Copy, word for word, the lines below from the one containing "A pesar del" up to and including the one containing "红穗铁苋菜:为大戟科、铁苋菜", with pictures left out.

**Recorded information**.
- - -

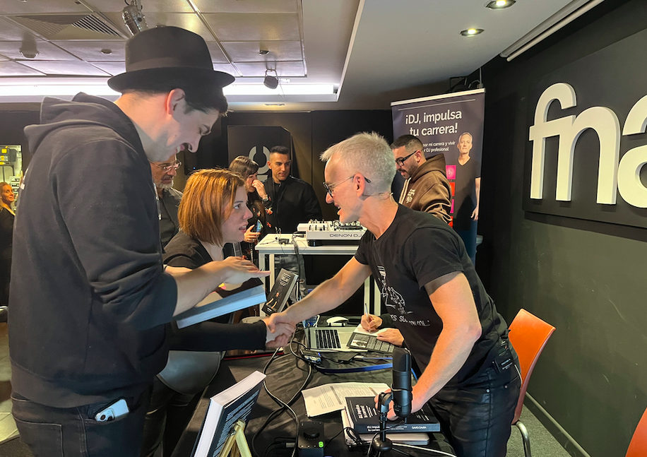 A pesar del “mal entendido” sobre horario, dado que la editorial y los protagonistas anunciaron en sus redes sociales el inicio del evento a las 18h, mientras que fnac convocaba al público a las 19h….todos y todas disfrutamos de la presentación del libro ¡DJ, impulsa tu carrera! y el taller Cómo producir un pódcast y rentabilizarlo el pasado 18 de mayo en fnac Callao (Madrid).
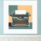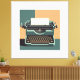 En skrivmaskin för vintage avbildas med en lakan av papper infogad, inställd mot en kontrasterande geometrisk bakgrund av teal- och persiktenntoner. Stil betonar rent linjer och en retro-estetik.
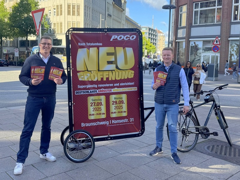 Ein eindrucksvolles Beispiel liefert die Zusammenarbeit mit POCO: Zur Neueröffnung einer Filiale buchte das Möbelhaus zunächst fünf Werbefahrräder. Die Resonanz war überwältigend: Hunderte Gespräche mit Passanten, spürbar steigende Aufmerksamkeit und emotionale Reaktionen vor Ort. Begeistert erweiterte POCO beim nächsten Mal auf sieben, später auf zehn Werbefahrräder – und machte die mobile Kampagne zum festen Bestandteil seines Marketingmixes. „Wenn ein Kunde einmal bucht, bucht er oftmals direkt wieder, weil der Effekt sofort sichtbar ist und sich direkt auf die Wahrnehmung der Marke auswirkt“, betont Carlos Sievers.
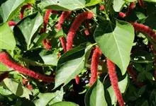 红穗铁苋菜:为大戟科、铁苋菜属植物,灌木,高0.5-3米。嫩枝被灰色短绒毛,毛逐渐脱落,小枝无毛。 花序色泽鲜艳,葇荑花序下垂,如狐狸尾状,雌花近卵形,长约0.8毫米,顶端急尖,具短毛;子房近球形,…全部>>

- - -

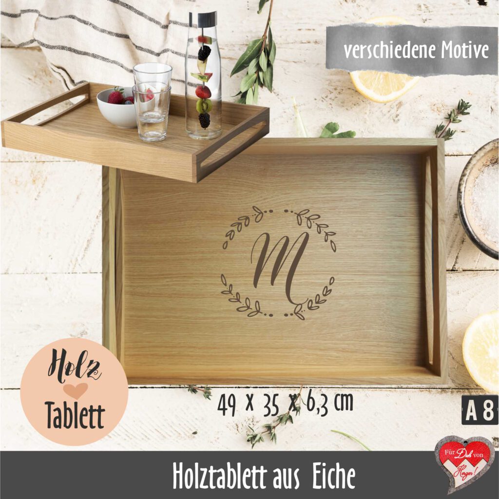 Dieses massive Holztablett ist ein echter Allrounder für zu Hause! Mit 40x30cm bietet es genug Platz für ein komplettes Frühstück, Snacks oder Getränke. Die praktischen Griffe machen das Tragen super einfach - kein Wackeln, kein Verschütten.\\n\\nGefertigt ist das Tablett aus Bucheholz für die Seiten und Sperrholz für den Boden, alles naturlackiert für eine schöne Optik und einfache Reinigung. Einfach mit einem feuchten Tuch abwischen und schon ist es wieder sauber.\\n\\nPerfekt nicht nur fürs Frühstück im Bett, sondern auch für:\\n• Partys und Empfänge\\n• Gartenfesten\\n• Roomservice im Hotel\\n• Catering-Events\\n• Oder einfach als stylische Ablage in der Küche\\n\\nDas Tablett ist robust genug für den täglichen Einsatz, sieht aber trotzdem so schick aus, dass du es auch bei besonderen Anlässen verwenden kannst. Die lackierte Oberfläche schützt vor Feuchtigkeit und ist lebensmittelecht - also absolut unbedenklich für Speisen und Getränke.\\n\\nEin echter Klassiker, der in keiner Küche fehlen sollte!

- - -

**Written response**.
 A pesar del “mal entendido” sobre horario, dado que la editorial y los protagonistas anunciaron en sus redes sociales el inicio del evento a las 18h, mientras que fnac convocaba al público a las 19h….todos y todas disfrutamos de la presentación del libro ¡DJ, impulsa tu carrera! y el taller Cómo producir un pódcast y rentabilizarlo el pasado 18 de mayo en fnac Callao (Madrid).
 En skrivmaskin för vintage avbildas med en lakan av papper infogad, inställd mot en kontrasterande geometrisk bakgrund av teal- och persiktenntoner. Stil betonar rent linjer och en retro-estetik.
 Ein eindrucksvolles Beispiel liefert die Zusammenarbeit mit POCO: Zur Neueröffnung einer Filiale buchte das Möbelhaus zunächst fünf Werbefahrräder. Die Resonanz war überwältigend: Hunderte Gespräche mit Passanten, spürbar steigende Aufmerksamkeit und emotionale Reaktionen vor Ort. Begeistert erweiterte POCO beim nächsten Mal auf sieben, später auf zehn Werbefahrräder – und machte die mobile Kampagne zum festen Bestandteil seines Marketingmixes. „Wenn ein Kunde einmal bucht, bucht er oftmals direkt wieder, weil der Effekt sofort sichtbar ist und sich direkt auf die Wahrnehmung der Marke auswirkt“, betont Carlos Sievers.
 红穗铁苋菜:为大戟科、铁苋菜属植物,灌木,高0.5-3米。嫩枝被灰色短绒毛,毛逐渐脱落,小枝无毛。 花序色泽鲜艳,葇荑花序下垂,如狐狸尾状,雌花近卵形,长约0.8毫米,顶端急尖,具短毛;子房近球形,…全部>>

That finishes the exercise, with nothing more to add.